Key West seafood restaurants are dime a dozen. The most popular question I get is.. What’s a good Key West seafood restaurant? Well, the answer is not all that easy. Let’s look at how to answer that question with the variables that come into consideration when I answer those questions. Maybe it will help you decide which will be best for you.
What seafood is local to Key West? What seafood actually comes out of our waters and gets served at seafood restaurants? Just because the place says “local seafood”, doesn’t necessarily mean that it is. Let me explain. When I was dining at a nice local Key West bar and grill located on the harbor. Looking over the menu my husband actually asked our server if the Chilean sea bass was locally caught. She offered a great answer and said. “Let Me check”. She came back with an answer that left me wondering. She said “Yes it was brought in just yesterday – caught locally”.

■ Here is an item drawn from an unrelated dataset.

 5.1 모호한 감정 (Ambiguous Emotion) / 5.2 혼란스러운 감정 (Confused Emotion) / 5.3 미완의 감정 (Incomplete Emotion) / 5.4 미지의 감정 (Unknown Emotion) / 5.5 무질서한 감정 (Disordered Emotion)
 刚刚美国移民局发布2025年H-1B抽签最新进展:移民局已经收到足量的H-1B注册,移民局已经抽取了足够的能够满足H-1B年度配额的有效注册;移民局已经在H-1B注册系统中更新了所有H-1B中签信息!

Many of the Key West reastaurants do actually serve fresh caught local seafood but also rely heavily on flown in and sometime even frozen seafood from other places. Shrimp for example. Many of the places that serve shrimp here in Key West get their shrimp from wholesalers that fly it in from India where shrimp farming is a huge export and affordable. Now, don’t get me wrong these shrimp taste great but obviously are not locally caught Key West Pinks as we call them.

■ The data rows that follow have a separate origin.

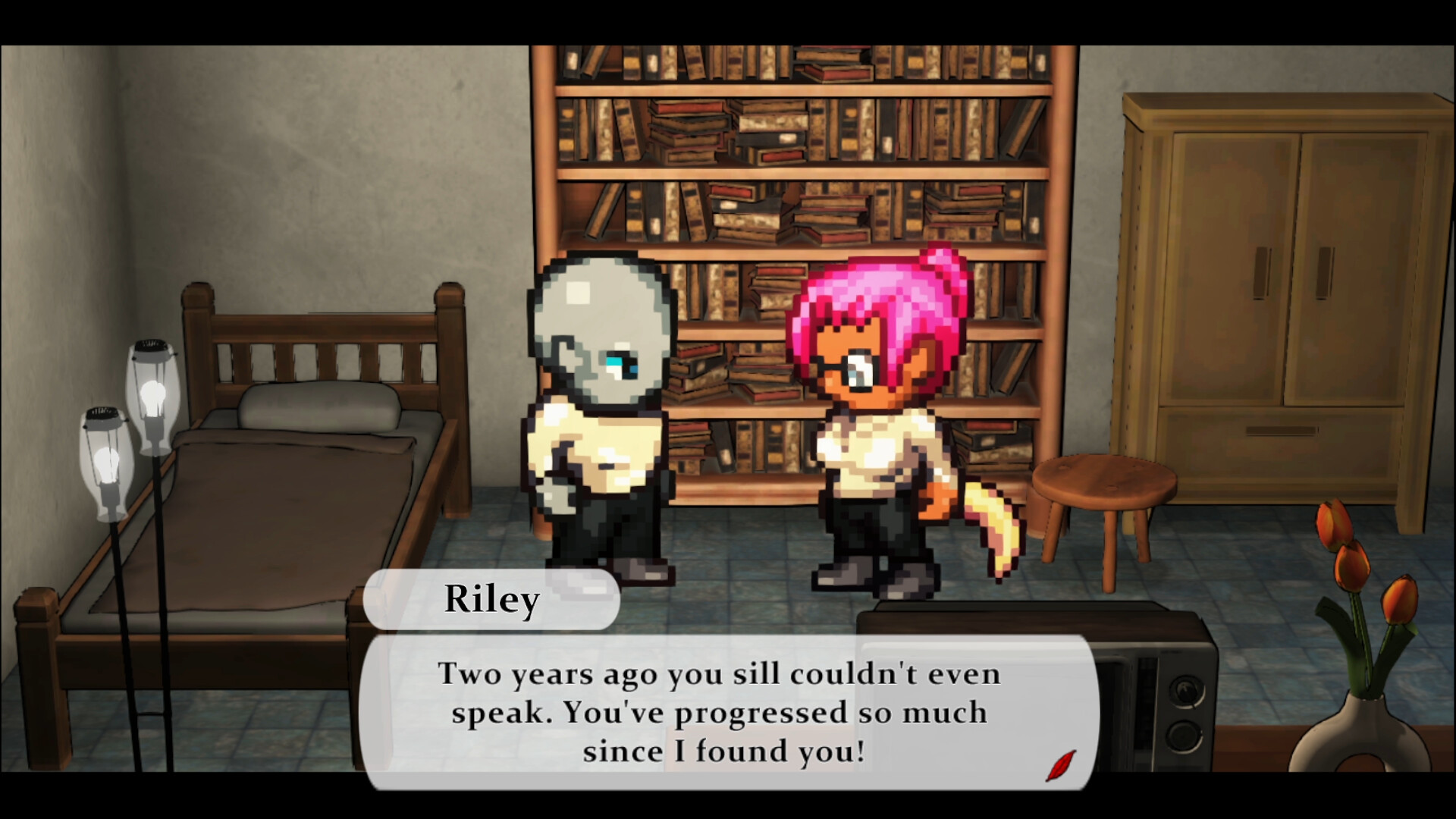 Nocturnal Visitors: Book One boasts a visual style inspired by games of the late 2000s, with graphics straight out of the seventh generation of consoles. It's a nostalgic look into the games that we 2000s kids grew up with.
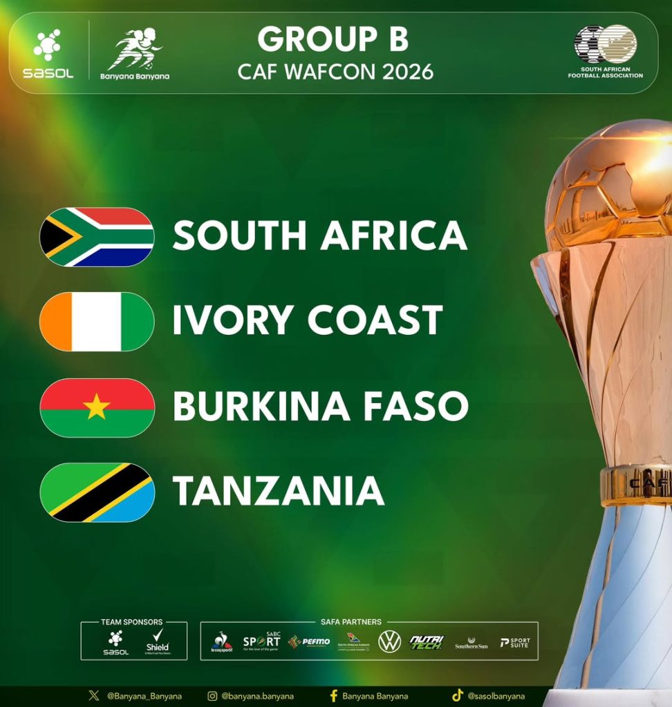 South Africa has been drawn in Group B against Burkina Faso, Ivory Coast and Tanzania.
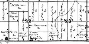 1893 Plat Map Excerpt Note: At this time; Potter, Redmond, Lyons, Visgar and Dwyer are adjacent landowners to the church. |

The species of fish we have and get served here locally are the absolutely delicious mutton Snapper, yellowtail snapper, golden tile fish, grey tile fish, sword fish, wahoo, blackfin tunas, red, black, and scamp groupers, Mahi Mahi (dolphin fish) and mangrove snappers. Chances are, I you see these fish species on the menu, they were caught locally and are super fresh.
We do not locally harvest Oysters of any kind. Nor do we have clams or the crab they use for crab cake. If you see fresh conch on the menu – Surprise – they are not from here either. Squid for calamari and octopus is also not a locally harvested species.